-- What you need to do --
Could you write out the listing below exactly as it stands, leaving out the pictures?

-- Stored data --

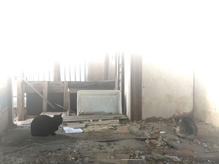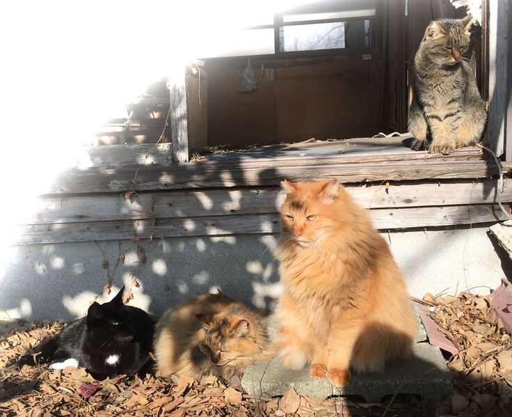 寒さを防ぐものは何もないのに、猫たちはやはり離れがたいのです。
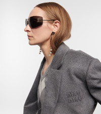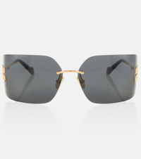 Uninhibited, carefree, and deliberately subversive: these are the hallmarks of Miuccia Prada’s Miu Miu. Seen on the runway, these rectangular sunglasses have a rimless silhouette with gold-tone logo sides and gray UV-protective lenses. Product Details - Frame material: metal - Frame color: gold - lens filter category 3 - Lens color: black - Made in Italy - Lens type: tinted lenses - comes with cleaning cloth - comes with a case and presentation box - the color of the case may vary - Item number: P00837227 Size & Fit - Lens width: 80mm-3.15" - Bridge size: 14mm-0.55" - Earpiece length: 110mm-4.35"
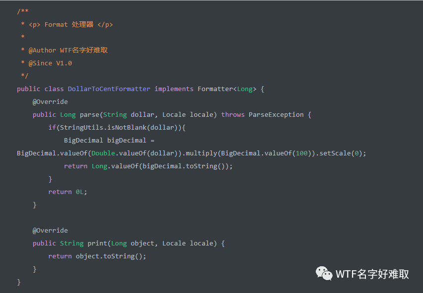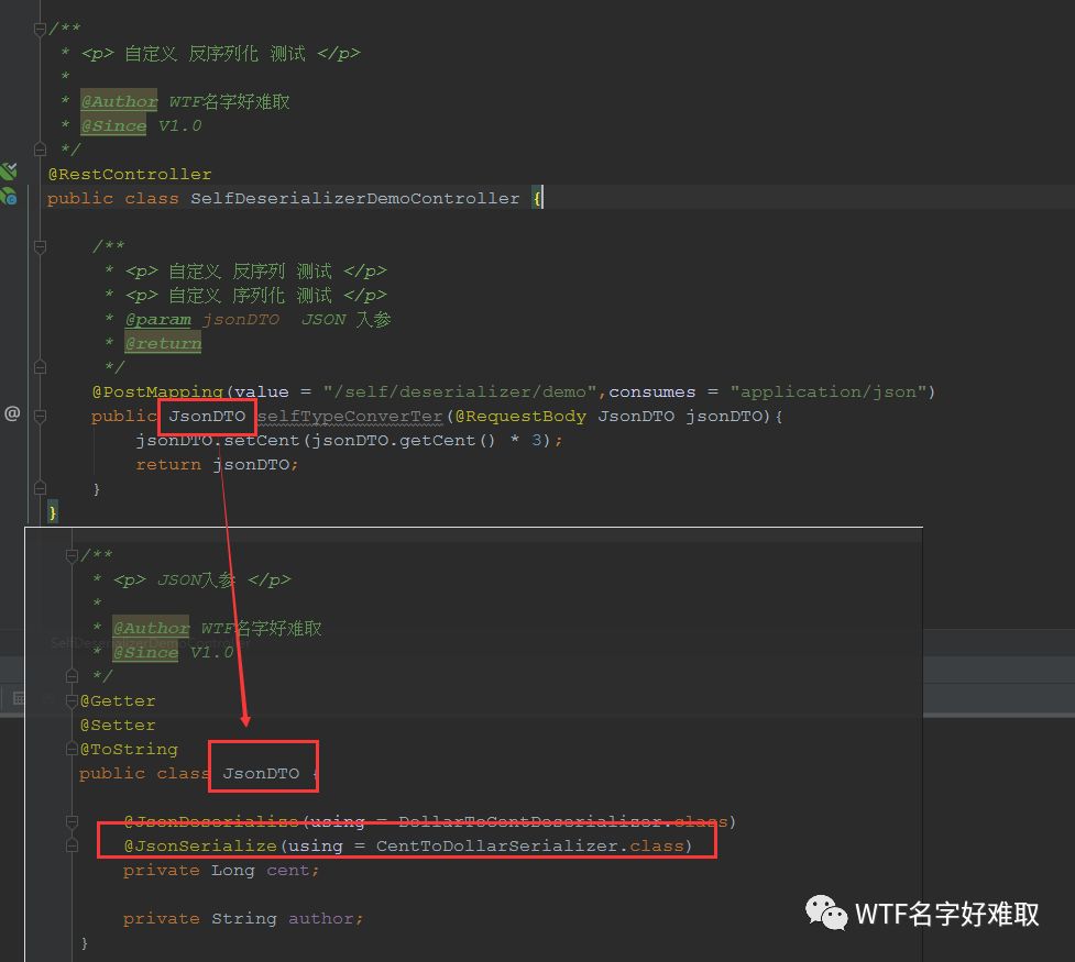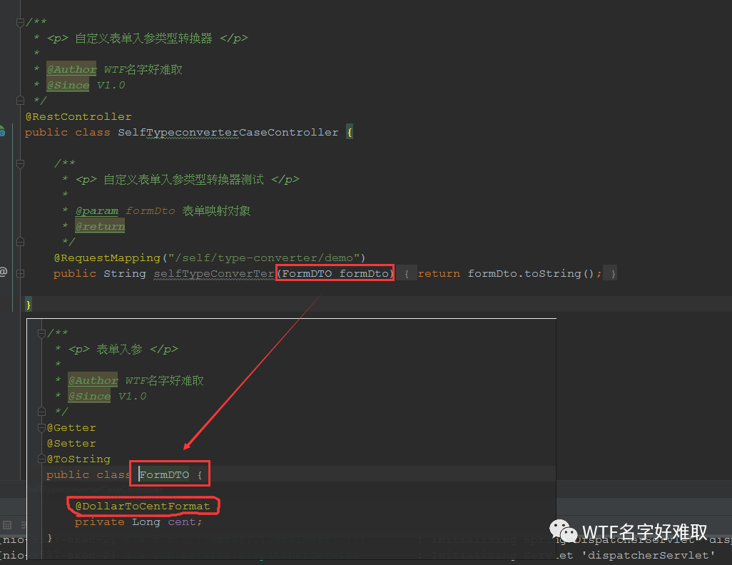 关键点:在需要使用 DollarToCentFormatter 进行类型转化的字段上使用自定义注解 @DollarToCentFormat 进行标注。
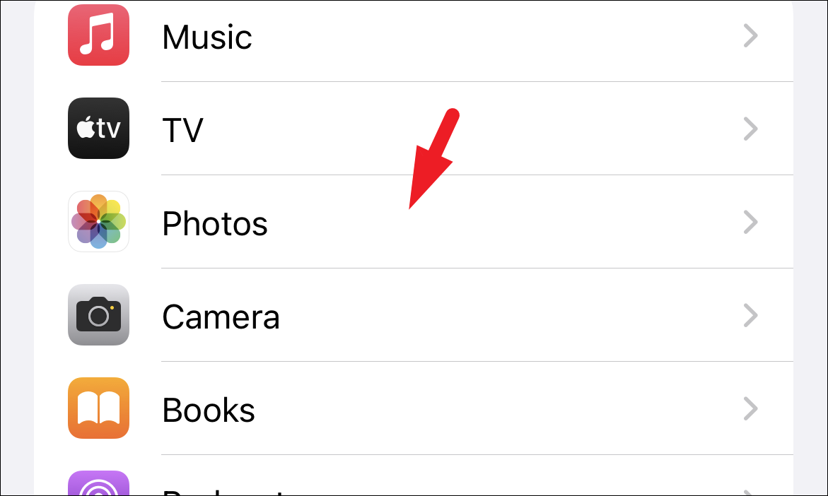 Next, on the ‘Settings’ screen, scroll down to locate and tap on the ‘Photos’ tile to proceed.

-- Response area --
 寒さを防ぐものは何もないのに、猫たちはやはり離れがたいのです。
 Uninhibited, carefree, and deliberately subversive: these are the hallmarks of Miuccia Prada’s Miu Miu. Seen on the runway, these rectangular sunglasses have a rimless silhouette with gold-tone logo sides and gray UV-protective lenses. Product Details - Frame material: metal - Frame color: gold - lens filter category 3 - Lens color: black - Made in Italy - Lens type: tinted lenses - comes with cleaning cloth - comes with a case and presentation box - the color of the case may vary - Item number: P00837227 Size & Fit - Lens width: 80mm-3.15" - Bridge size: 14mm-0.55" - Earpiece length: 110mm-4.35"
 关键点:在需要使用 DollarToCentFormatter 进行类型转化的字段上使用自定义注解 @DollarToCentFormat 进行标注。
 Next, on the ‘Settings’ screen, scroll down to locate and tap on the ‘Photos’ tile to proceed.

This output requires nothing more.